Ca^2+/钙调素依赖性蛋白激酶II中286位苏氨酸（Thr-286）自身磷酸化的观察CaM激酶II将其从依赖Ca^2+的形式转化为不依赖Ca^2+的形式（组成型活性形式）导致了一种假设，即Ca^<2+>-这种酶的独立形式可以编码突触使用的频率，并作为“记忆”的分子开关。事实上，海马脑片CA 1区长时程增强（LTP）的诱导与钙调素激酶IL的非Ca^<2+>依赖性活性和总活性的长期增加以及自身磷酸化的增加有关。我们进一步证实了一个特定的抗体识别的Thr-286的自磷酸化，高，但不是低频率的刺激施加到CA 1传入导致在LTP诱导后，在CA 1神经元的细胞体和树突的免疫荧光强度增加。抗ph抗体的强免疫反应性 ...更多信息 Opho特异性抗体与NMDA受体的免疫反应共定位于CA 1区。由于不依赖Ca^<2+>的活性可以被蛋白磷酸酶逆转，我们接下来研究了LTP诱导过程中蛋白磷酸酶活性的调节。使用自磷酸化CaM激酶II作为底物，LTP诱导后，在CA 1区观察到可溶性组分中蛋白磷酸酶2A活性显着降低，而蛋白磷酸酶2C活性没有变化。体外和体内研究表明，在LTP诱导过程中，CaM激酶II对蛋白磷酸酶2A的调节亚基B 'α亚基的磷酸化是抑制蛋白磷酸酶活性的基础。这些结果表明，降低蛋白磷酸酶2A活性的CaM kiriase II可以协同有助于LTP的表达，有利于生成的组成型活性的CaM激酶II，并通过调节特定的突触蛋白的磷酸化。少

项目成果

M.Ohmitsu, K.Fukunaga, H.Yamamoto and E.Miyamoto: "Phosphorylation of myristolated alanine-rich protein kinase C substrate by mitogen-activated protein kinase in cultured rat hippocampal neurons following stimulation of glutamate receotors." J.Biol.Chem.2

M.Ohmitsu、K.Fukunaga、H.Yamamoto 和 E.Miyamoto：“在刺激谷氨酸受体后，培养的大鼠海马神经元中丝裂原激活的蛋白激酶对肉豆蔻酸富含丙氨酸的蛋白激酶 C 底物进行磷酸化。”

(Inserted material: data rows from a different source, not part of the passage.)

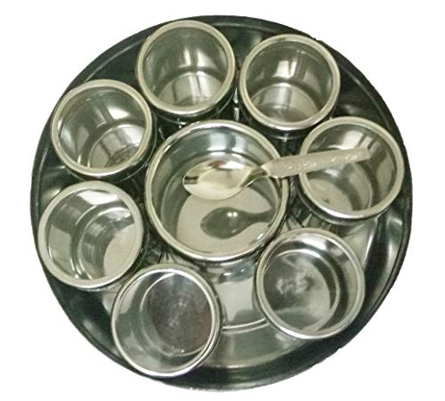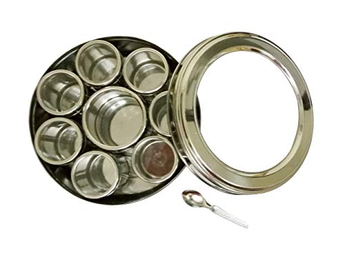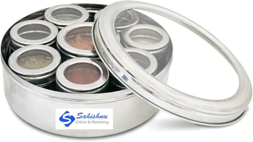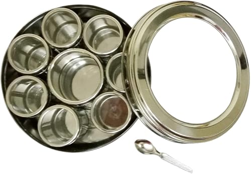 Stainless Steel Transparent Masala Box/Spice Box/Masala Dabba/Spice Container - Set of 9pcs
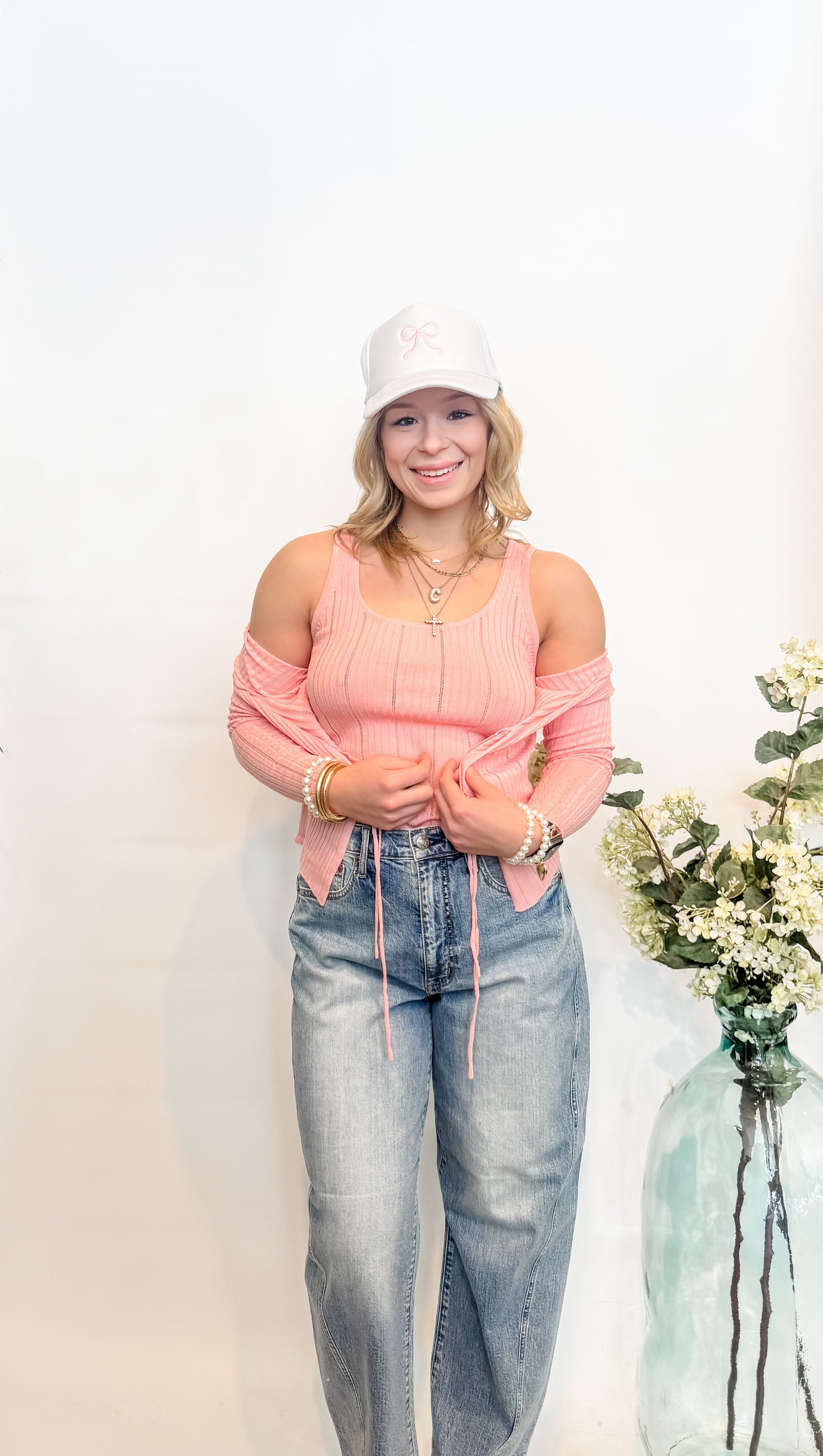 As an expert in fashion, I present to you our Candy Pink Cardigan. Made from lightweight material and featuring stylish ties for closure, this cardigan is the perfect addition to any outfit. For a cute and coordinated look, pair it with the matching sweater tank. Don't miss out on this trendy piece!
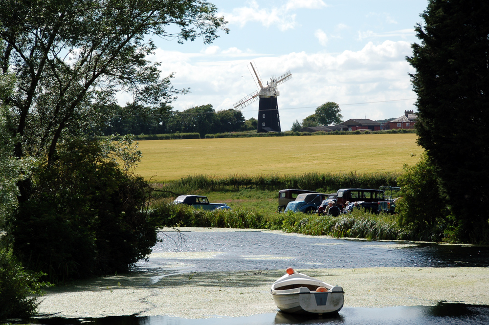 View from rear of mill, across Pakenham Mill Pond to Pakenham Fen Pakenham windmill can be seen on the ridge |

K.Fukunaga and E.Miyamoto: "Neuronal plasticity and protein phosphatase. (in Japanese) (Special Issue "Structure and function of protein phosphatase")." Tanpakushitsu Kakusan Kohso. 43. 1062-1071 (1998)

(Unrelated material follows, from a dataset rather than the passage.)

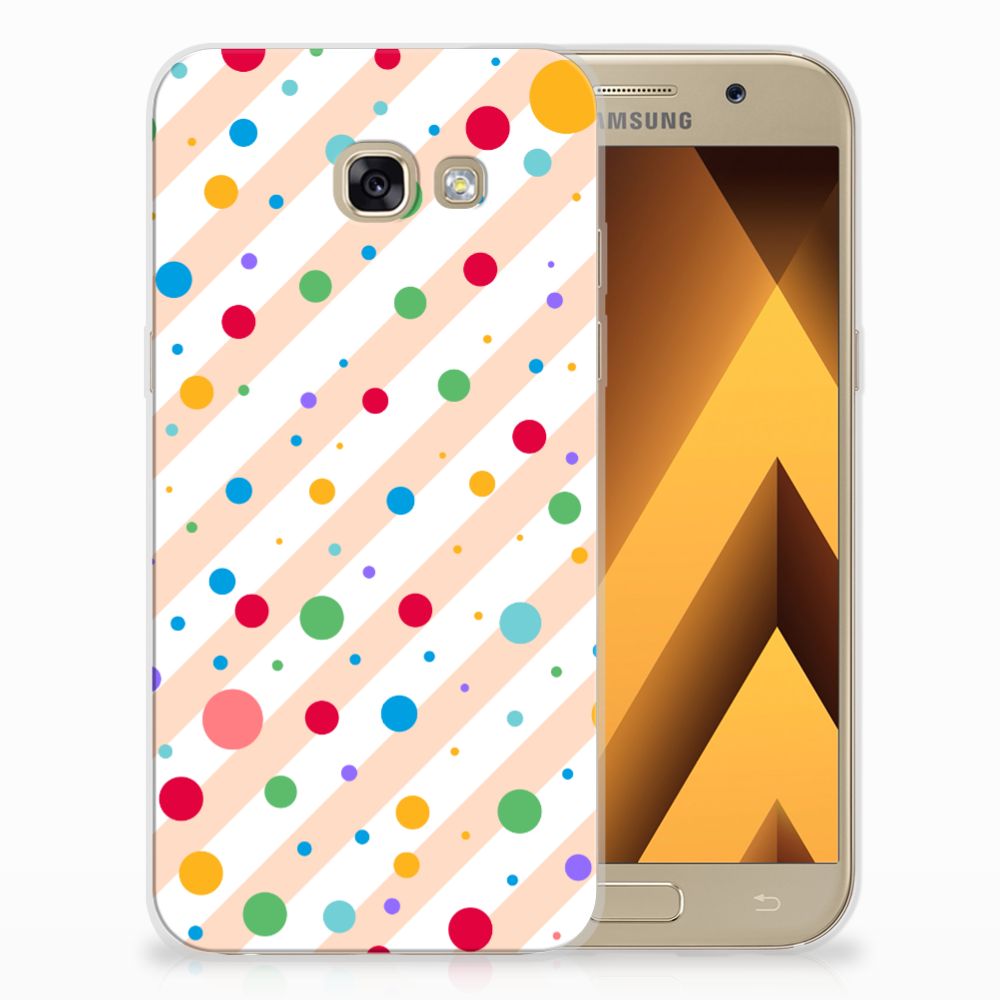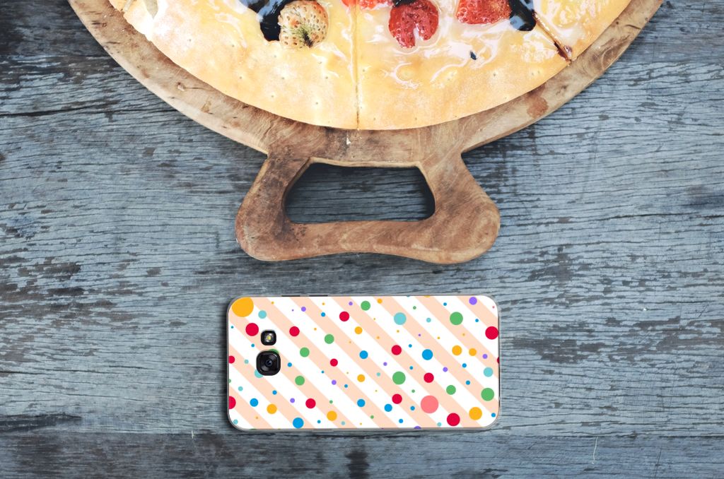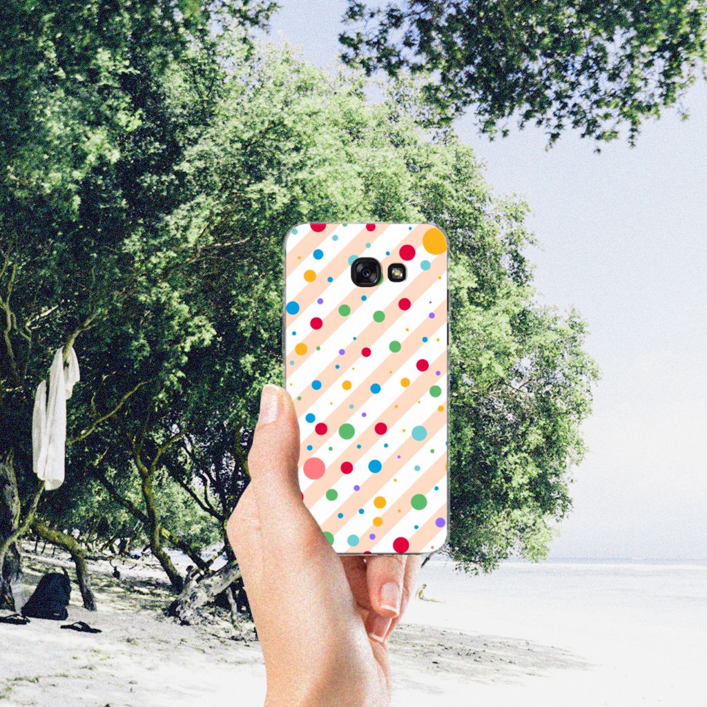 Een Samsung Galaxy A5 2017 TPU bumper met verschillende kleuren stippen is een schitterende bescherming van jouw smartphone. De tpu case met het design Dots in alle kleuren van de regenboog komt voor jou als geroepen. Maak je geen gebruik van dit zeer mooie hoesje, dan kan het met jouw smartphone een beetje beroerd aflopen. Deze mooie tpu case met verschillende soorten klompen in verschillende kleuren is zo’n beetje de meest flexibele case die er bestaat. Het hoesje met stippen zorgt voor een goede bescherming van je smartphone, vooral aan de achterzijde en zijkanten. Met een tpu hoesje met stippen in verschillende kleuren blijft jouw gsm volledig in tact. Heb je liever een tpu case met stippen in andere opvallende kleuren? Ontwerp dan zelf een tpu case met je eigen foto’s en teksten! De case wordt aan de achterzijde bedrukt met klompen, de zijkanten blijven doorzichtig.

K.Fukunaga 和 E.Miyamoto：“神经元可塑性和蛋白磷酸酶。（日语）（特刊“蛋白磷酸酶的结构和功能”）。

Motohiro Morioka: "Serine/threonine phosphatase activity of calcineurin is inhibited by sodium orthovanadate and dithiothreitol reverses the inhibitory effect." Biochem. Biophys. Res. Commun.253. 342-345 (1998)

Motohiro Morioka：“钙调神经磷酸酶的丝氨酸/苏氨酸磷酸酶活性被原钒酸钠抑制，而二硫苏糖醇则逆转了抑制作用。”

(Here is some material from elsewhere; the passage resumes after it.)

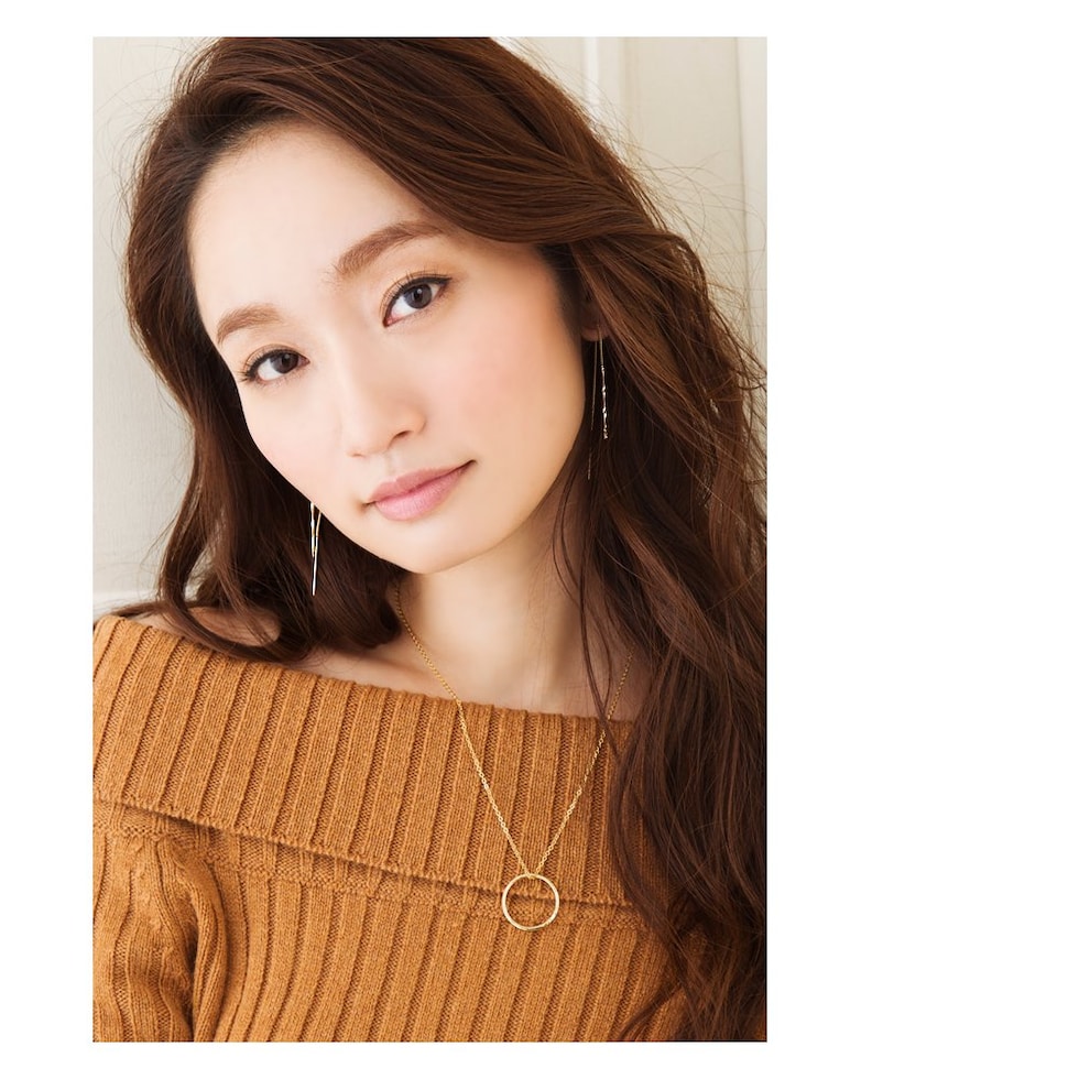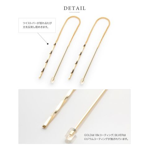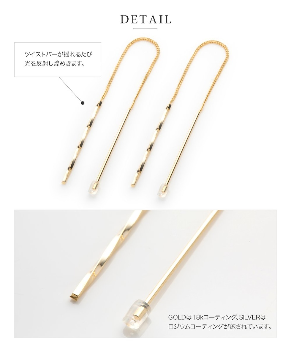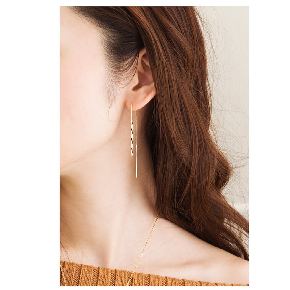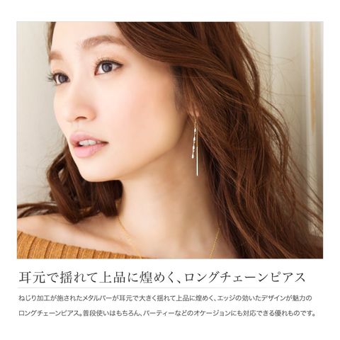 ねじり加工が施されたメタルバーが耳元で大きく揺れて上品に煌めく、
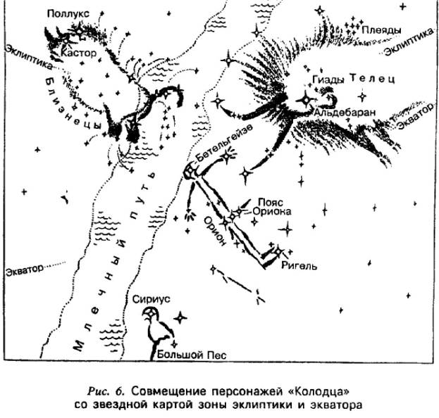 реконструированный шаг: наложим персонажи сцены в “Колодце” на звездную карту,

H.Kimura, K.Fukunaga, Y.Ushio and E.Miyamoto: "Basic fibroblast growth factor stimulates phosphorylation of CCAAT/enhancer-binding protein d by activation of mitogen-activated protein kinase." Biomedical Res.19. 65-75 (1998)

H.Kimura、K.Fukunaga、Y.Ushio 和 E.Miyamoto：“碱性成纤维细胞生长因子通过激活丝裂原激活蛋白激酶来刺激 CCAAT/增强子结合蛋白 d 的磷酸化。”

Kohji Fukunaga: "current studies on a working model of CaM kinase II in hippocampal long-term potentiation and memory." Jpn.J.Pharmacol.79. 7-15 (1999)

Kohji Fukunaga：“目前关于 CaM 激酶 II 在海马长时程增强和记忆中的工作模型的研究。”